Since immunity diminishes with tiredness, your body is unable to defend itself against bacteria, microbes, and viruses and cannot cope with the build-up of harmful substances in the body.
Frequent tiredness and low energy precede any type of chronic disease and most acute illnesses, including cancer, heart disease, multiple sclerosis, chronic fatigue syndrome, AIDS, the common cold, and the flu.
An ever-increasing number of children are the victims of sleep deprivation and its consequences.

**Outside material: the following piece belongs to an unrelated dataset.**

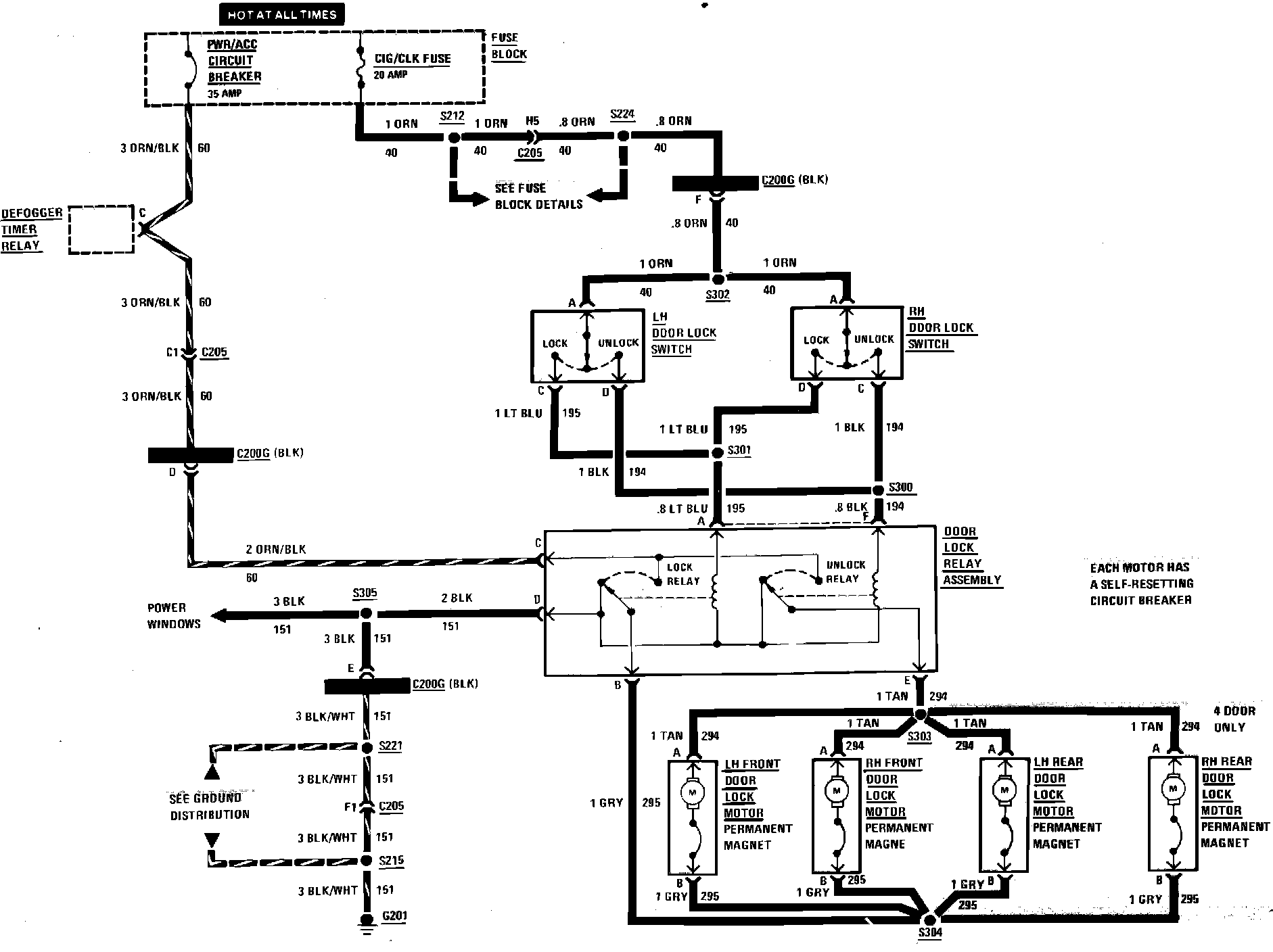 Power Door Locks Wiring Circuit:

The critical role of sleep and sleep disturbances in child development has been repeatedly demonstrated.
According to published research, psychopathology in children could result from or be exacerbated by insufficient sleep and consequent fatigue and sleepiness.
There exists a particularly strong relationship between sleep problems and neuropsychological functioning in children.
Sleep disruptions have often been implicated in attention deficit hyperactivity disorder (ADHD) in children because sleep deprivation and the resultant sleepiness could lead to ADHD-like symptoms.
There are clear indications that learning and attention skills could be significantly compromised by insufficient sleep or sleep disruption.
This is in no way limited to children only.
Most tiredness results from missing out on two hours of sleep before midnight.
Any treatment of disease that does not include natural “deep sleep therapy” cannot lead to lasting success, since the body’s healing system itself, the immune system, depends on proper, healthy sleeping cycles to be vital and efficient.
Pitta, which controls AGNI, the digestive fire, also becomes disturbed when you regularly eat your dinner late or have snacks during Pitta (night) time.
Consequently, Pitta will be disrupted also during the following lunchtime, which causes disturbances in the liver, spleen, gallbladder, stomach, and pancreas.